Cambridge AI company Speechmatics can learn a new language in a week
We talk to CEO Benedikt von Thüngen as firm unveils machine learning technology called Automatic Linguist.
It hopes one day to master all 7,000 languages in the world.
And Speechmatics is off to a good start, having deployed its artificial intelligence technology on 28 so far, enabling accurate speech-to-text transcription for a host of purposes.
Yesterday, the Cambridge company officially launched Automatic Linguist (AL), its machine learning platform that enables it to tackle a new language in as little as a week.
Purpose-built from the ground up using technology developed at the University of Cambridge, the platform recognises patterns in language and applies them to each new build.
Challenged by a major corporate client with learning Hindi in two weeks, Speechmatics delivered a production-ready system that, according to its test, makes 23 per cent fewer errors than the market leader.
Benedikt von Thüngen, CEO at Speechmatics, told the Cambridge Independent: “Hindi was surprisingly easy. We discovered it is very similar to English in pronunciation, so we were able to use a process called adaptation. It learned from the different data sets we have.

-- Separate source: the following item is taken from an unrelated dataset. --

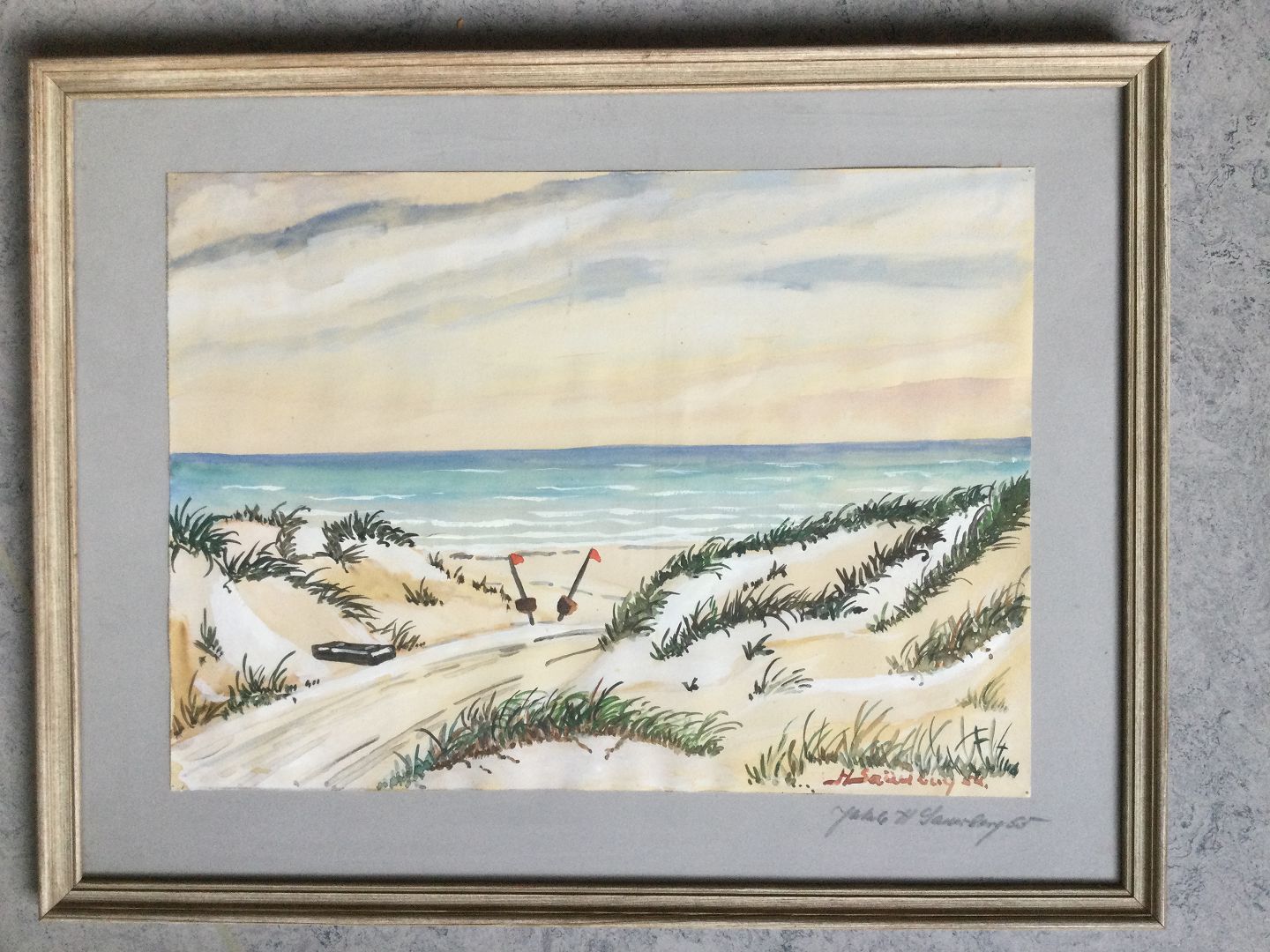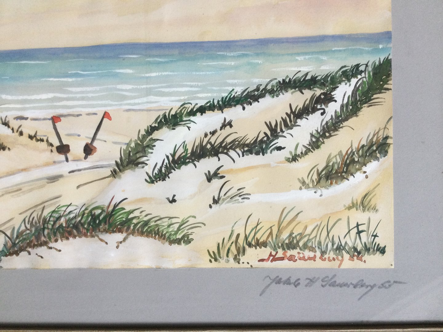 Akvarel af Jacob Heymann Sauerberg - Strandparti med klitter 1955.

“Each language has interesting aspects. If you take Korean, Turkish, Finnish or German, they use agglutination – where words are added together to form new words. That was a fun challenge to solve…

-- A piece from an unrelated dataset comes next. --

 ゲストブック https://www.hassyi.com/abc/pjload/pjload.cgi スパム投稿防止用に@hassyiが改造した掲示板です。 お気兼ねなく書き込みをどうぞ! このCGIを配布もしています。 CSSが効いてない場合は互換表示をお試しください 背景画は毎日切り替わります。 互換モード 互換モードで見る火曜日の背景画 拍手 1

“You have tonal languages, like Vietnamese and Mandarin and its variations, which was another fun challenge. But it’s a matter of teaching the system to deal with it and that opens up a new swathe of languages.”
The traditional route for enabling speech recognition of a language involved laborious, expensive manual processes, in which vast amounts of data was collated and cleansed by experts, creating a one-off system. It meant it was economical to cover only the most widely-spoken languages.
But using decades of research in neural networks, developed from Cambridge PhD work by Dr Tony Robinson, who is now CTO at the company, Speechmatics can learn the initial base of a language in less than a day from relatively little data by recognising fundamental sounds and grammatical structures.
One major use of the software is providing accurate real-time closed captioning for TV, and it is adding a custom dictionary to cater for specialist languages – football players’ names, for example.
Meetings and recordings can be transcribed with the platform and Benedikt said financial institutions can use the technology for call recording to demonstrate compliance or to audit for PPI mis-selling.
He predicted: “Voice will very quickly become the main mechanism to interact with devices. We are seeing the really early adoption of that with Amazon Alexa, Siri and Google Voice, which is phenomenal but it’s still very one-dimensional.
“We’ll move more into an intuitive world and we are going to get to much more conversational interfaces.”
Benedikt says: “Our USPs are accuracy, operational performance – memory footprint and speed – the breadth of language coverage and speed with which we offer a new language, and the speed at which we can add new features.”
A white paper from the firm says: “Our eventual aim is to have a language pack for all the world’s languages. This is an ambitious aim – it is estimated there are around 7,000 living languages at present, and we hope to cover them all one day.”
Benedikt conceded that was a tall order, given that most of those are barely documented, but said Speechmatics would look first to get to the milestone of 100 and then 1,000.
Little wonder the Kirkwood Road-based company, which jointly won the AI scale-up category of the Cambridge Independent’s Entrepreneurial Science and Technology Awards in September, is looking to double its staff of 39 over the next 12 months.